In the Modin technical report, Dataframe Systems: Theory, Architecture, and Implementation | EECS at UC Berkeley, benchmarks are described in chapter 6, I see the 2 set ups:

  1. A single EC2 x1.32xlarge 128 cores and 1,952 GB RAM with a dataset up to 250GB (1.6B rows)
  2. A single x1e.32xlarge instance with 128 CPUs and 4TB of memory but the dataset itself is only 23GB (150M rows).

Can you provide benchmarks for larger datasets in the dozen of terrabytes size?

Specifically, I’m interested in understanding if you have any recommended approach for loading several files into a single Modin DataFrame specifically in the two cases

  1. A small amount of very large files
  2. A large number of small files

I’m also interested in understanding the major limitations for these dataset sizes across the different IO supported in pd.read_<file> and I/O APIs — Modin 0+untagged.50.g9498b92.dirty documentation

  • read_csv
  • read_parquet
  • read_sql
1 Like

Hi @Cherif_Jazra !

Thanks for reading my thesis :smile:! A couple of comments on your questions here:

This is something we’re working on, but let me address your two points because it’s an area of active development and improvement in Modin.

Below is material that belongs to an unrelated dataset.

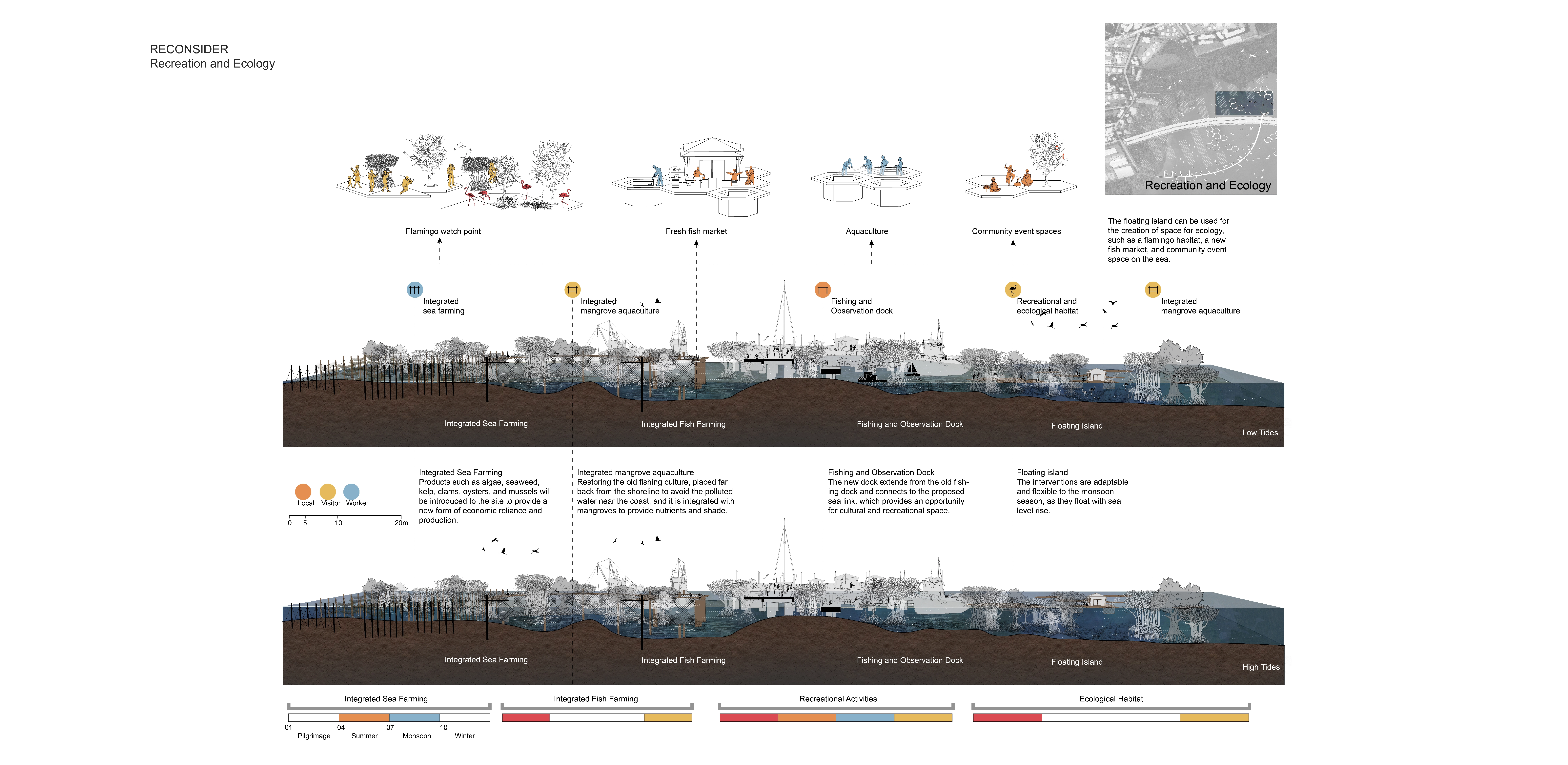 This project explores a way to study a site through documenting, recognizing, reconsidering, and highlighting the adaptive process. It respects local cultures and ways of living while learning from generations of intimate knowledge of the sea. This design is not a master plan that instructs the locals on what is going to happen; instead, it demonstrates potential opportunities for the locals to improve their quality of life while respecting their culture. -

  1. A small amount of very large files

One thing I think that would be good to understand is file skew here and how it can impact Modin. One thing we have currently under development is a way to balance partitions after multiple concat operations. This is actively being worked on here: FIX-#3675: dataframe repartitioning after 'concat' operation in case actual partitions count is more than twice `NPartitions` by anmyachev · Pull Request #3720 · modin-project/modin · GitHub

  1. A large number of small files

This is related, but maybe a bit easier of a case to optimize for. With smaller partitions, it’s easier to merge them logically before we do a physical merge, so to the developer they will appear as normal and generally balanced partitions. This is easier when the partitions are small, which can happen with a large number of small files.

If you’re passing in a glob with read_csv_glob, there is no need to rebalance since the glob reader will be able to calculate good partitioning with knowledge of all of the files in advance.

The major limitations of read_csv in larger files is that the schema needs to be derived from the data after all of the data is loaded. This is expensive. This is also true for read_json(lines=True) and read_table

read_parquet limitation is that it is hard to tell how many rows are in a given file, and row-based partitioning is important for the scale you’re talking about. Nested parquet files and lots of partitions can make this complex, and I don’t think our reader is currently able to generate optimal partitioning in really complex nested parquet file structures.

read_sql in pandas doesn’t have a parameter for partition_column or something equivalent, so for some databases we end up with a syntax error in our generated SQL statements for reading partitioned data. This is also an area we are looking at, creating database-dependent SQL clauses for splitting up the query.

Does this make sense? Happy to answer any other questions!